• [Exercise brief]: Restate all of the following data exactly, keeping any images out of the copy.

• [Data]:
:::::

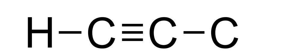 Keywords: Propynylidyne.svg use TeX \mathrm H - C \equiv C - C needs to be scaled geometry of triple bond in TeX not exact Chemical structure of propynylidyne Own 2010-12-13 Edgar181 Carbenes Alkynes
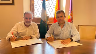 El alcalde de Jaén, Julio Millán, y el presidente del consejo de administración de Epassa, el concejal Francisco Lechuga, han materializado la firma del convenio por el que el Ayuntamiento cede a la Empresa Pública de Aparcamientos y Servicios una parcela de terreno anexa al recinto ferial 'Alfonso Sánchez Herrera' cercana a la actual Comisaría de Policía Local, en la que se ubicará el futuro depósito municipal de vehículos que hasta ahora estaba ubicado en el aparcamiento de los Goya.
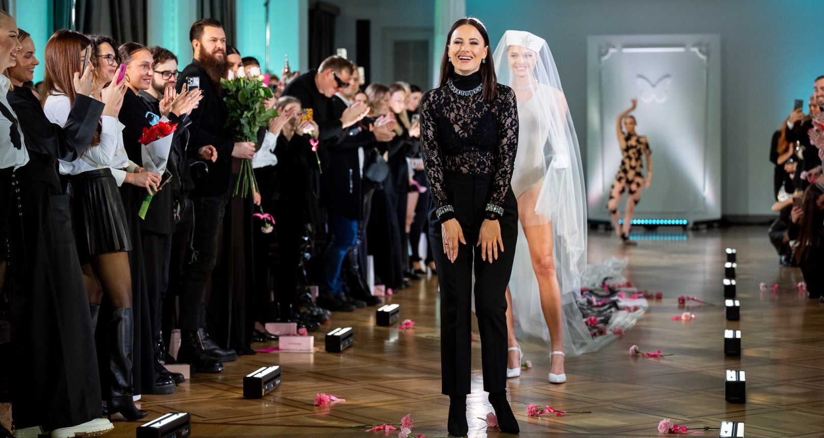 Šią mintį atspindėjo ir šou pradžia – virpančių drugeli apsupta balerina Evelina Fokina milžinišku pieštuku piešė eskizus, kurie po akimirkos atgijo į sceną įžengusiais modeliais, dėvinčiais naujosios kolekcijos drabužius. Baleto etiudą parengė Baltijos baleto teatro režisierė Marija Simona Šimulynaitė.

:::::

• [Answer to the exercise]:
 Keywords: Propynylidyne.svg use TeX \mathrm H - C \equiv C - C needs to be scaled geometry of triple bond in TeX not exact Chemical structure of propynylidyne Own 2010-12-13 Edgar181 Carbenes Alkynes
 El alcalde de Jaén, Julio Millán, y el presidente del consejo de administración de Epassa, el concejal Francisco Lechuga, han materializado la firma del convenio por el que el Ayuntamiento cede a la Empresa Pública de Aparcamientos y Servicios una parcela de terreno anexa al recinto ferial 'Alfonso Sánchez Herrera' cercana a la actual Comisaría de Policía Local, en la que se ubicará el futuro depósito municipal de vehículos que hasta ahora estaba ubicado en el aparcamiento de los Goya.
 Šią mintį atspindėjo ir šou pradžia – virpančių drugeli apsupta balerina Evelina Fokina milžinišku pieštuku piešė eskizus, kurie po akimirkos atgijo į sceną įžengusiais modeliais, dėvinčiais naujosios kolekcijos drabužius. Baleto etiudą parengė Baltijos baleto teatro režisierė Marija Simona Šimulynaitė.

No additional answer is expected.